Top of Data block

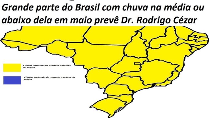 A previsão elaborada pelo físico, meteorologista, mestre em Meteorologia e doutor em Física Quântica Rodrigo Cézar, é de chuvas variando de normais a abaixo da média em maio em grande parte do Brasil, que inclui o centro-sul, Região Nordeste, Centro-Oeste e grande parte da Região Norte, apenas o extremo norte da Região Norte do país poderá ter chuvas variando de normais a acima da média em maio.
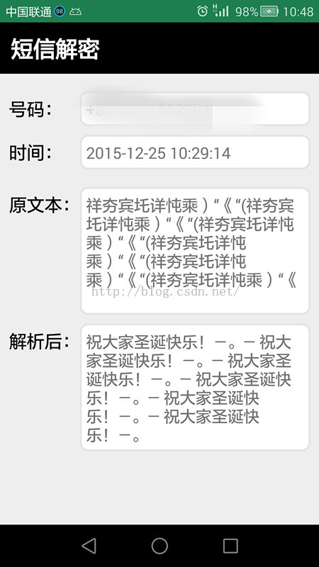 以上就是本文的全部内容,android实现短信加密,实现发送加密短信、解密本地短信,希望对大家的学习有所帮助。
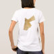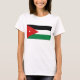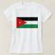 Framsidan av denna t-shirt visningar djärvt den jordanska flagga med dess distinkta vita stjärna i röd triangel bredvid svarta, vita och grönt band. Detta motsvaras bakåt av ett attraktivt karta av Jordanien.

Bottom of Data block

(Your objective): Return the material word for word, images omitted.

(Answer box):
 A previsão elaborada pelo físico, meteorologista, mestre em Meteorologia e doutor em Física Quântica Rodrigo Cézar, é de chuvas variando de normais a abaixo da média em maio em grande parte do Brasil, que inclui o centro-sul, Região Nordeste, Centro-Oeste e grande parte da Região Norte, apenas o extremo norte da Região Norte do país poderá ter chuvas variando de normais a acima da média em maio.
 以上就是本文的全部内容,android实现短信加密,实现发送加密短信、解密本地短信,希望对大家的学习有所帮助。
 Framsidan av denna t-shirt visningar djärvt den jordanska flagga med dess distinkta vita stjärna i röd triangel bredvid svarta, vita och grönt band. Detta motsvaras bakåt av ett attraktivt karta av Jordanien.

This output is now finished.